Start of Records to use

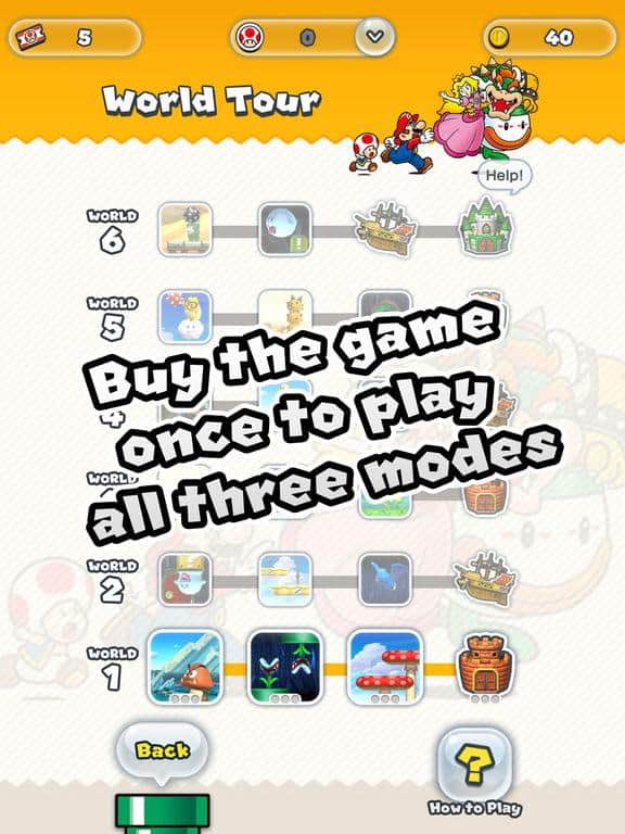 İlk açılışta veya ekranın sağ alt köşesindeki Dünya Turu seçeneği ile izlenebilen 'Nasıl Oynanır' eğitimi artık daha anlaşılır. Mario'nun özel hareketleri, pembe paralar ve Super Mario Run oyunundaki diğer seçenekler hakkında daha fazla bilgi almak isterseniz 'Nasıl Oynanır' bölümüne bakabilirsiniz.
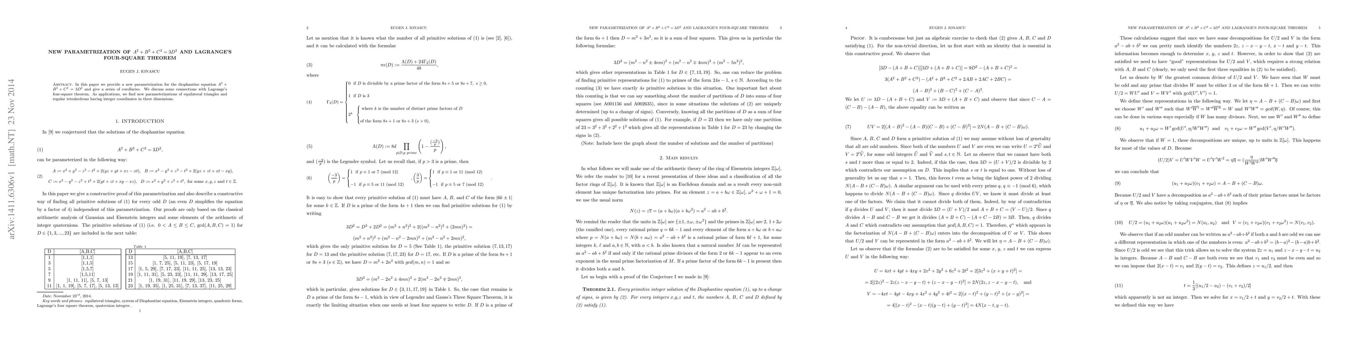 This paper introduces a novel parametrization for the Diophantine equation $A^2+B^2+C^2=3D^2$ and explores its implications, drawing connections to Lagrange's four-square theorem. It also derives new parameterizations for equilateral triangles and regular tetrahedrons with integer coordinates in three dimensions.
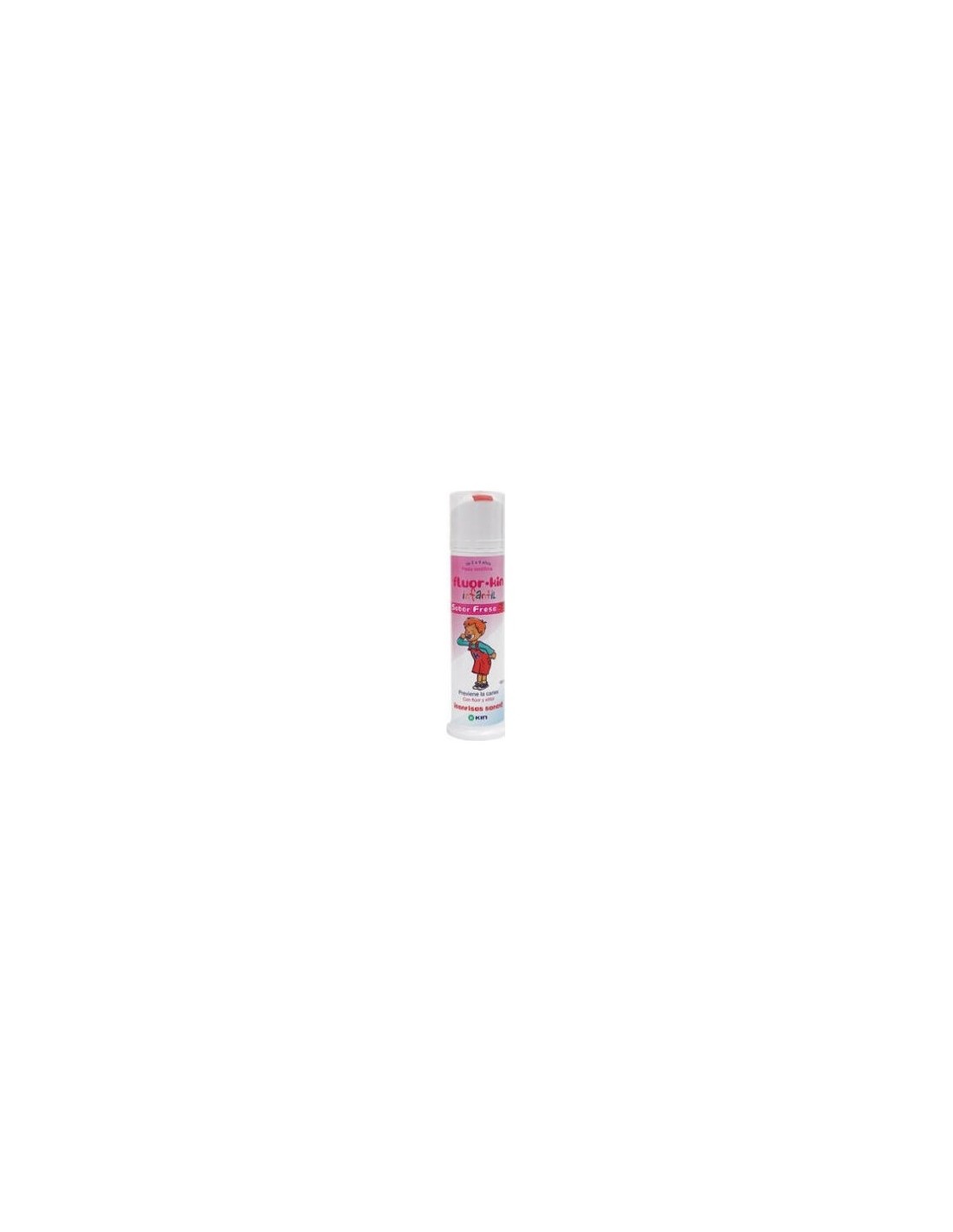 Fluor-Kin Infantil dentífrico fresa junta en un único producto todos los agentes anti-bacterianos del mejor dentífrico con un sabor especial que les encantará a los más peques.
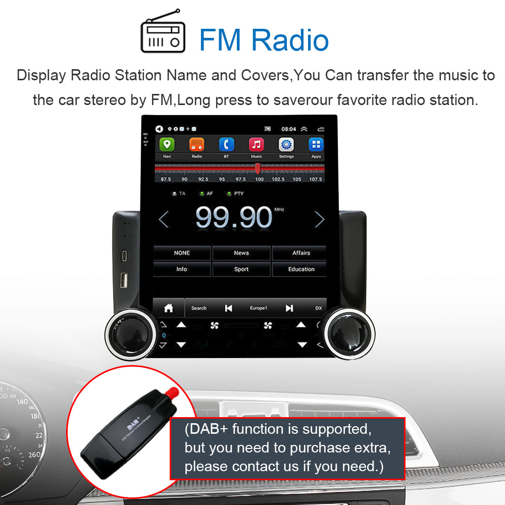 ●FM Radio: Online music you can transfer the music to the car stereo by FM to enjoy the original car stereo sound,with 18 preset stations
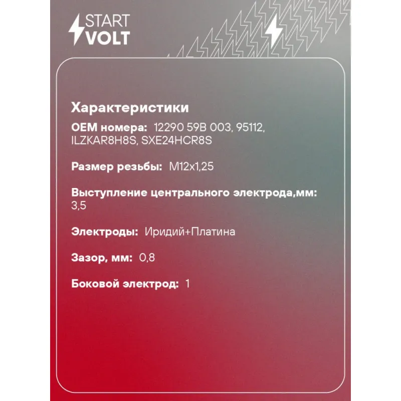 Свеча зажигания для автомобилей Honda Civic IX (16-) 1.5i/2.0i Ir+Pt Описание: Гарантийный срок - 2 года. Характеристики: Артикул: VSP 2317 OEM номера: 12290 59B 003, 95112, ILZKAR8H8S, SXE24HCR8S Резистор: Есть Момент затяжки, нм: 20-25 Ширина ключа,мм: 14 Размер резьбы: M12x1,25 Длина резьбы,мм: 28 Выступление центрального электрода,мм: 3,5 Боковой электрод: 1 Электроды: Иридий+Платина Зазор, мм: 0,8 Маркировка: IPLDP8LSAR-P Комплектация: Свеча зажигания - 1 шт Паспорт изделия/гарантийный талон Гарантия: от 1 года.

End of Records to use

**Your assignment**
Where a line contains "Fluor-Kin Infantil dentífrico", begin there and set down exactly each line through the end of the data above, omitting any pictures.

**Task result**
 Fluor-Kin Infantil dentífrico fresa junta en un único producto todos los agentes anti-bacterianos del mejor dentífrico con un sabor especial que les encantará a los más peques.
 ●FM Radio: Online music you can transfer the music to the car stereo by FM to enjoy the original car stereo sound,with 18 preset stations
 Свеча зажигания для автомобилей Honda Civic IX (16-) 1.5i/2.0i Ir+Pt Описание: Гарантийный срок - 2 года. Характеристики: Артикул: VSP 2317 OEM номера: 12290 59B 003, 95112, ILZKAR8H8S, SXE24HCR8S Резистор: Есть Момент затяжки, нм: 20-25 Ширина ключа,мм: 14 Размер резьбы: M12x1,25 Длина резьбы,мм: 28 Выступление центрального электрода,мм: 3,5 Боковой электрод: 1 Электроды: Иридий+Платина Зазор, мм: 0,8 Маркировка: IPLDP8LSAR-P Комплектация: Свеча зажигания - 1 шт Паспорт изделия/гарантийный талон Гарантия: от 1 года.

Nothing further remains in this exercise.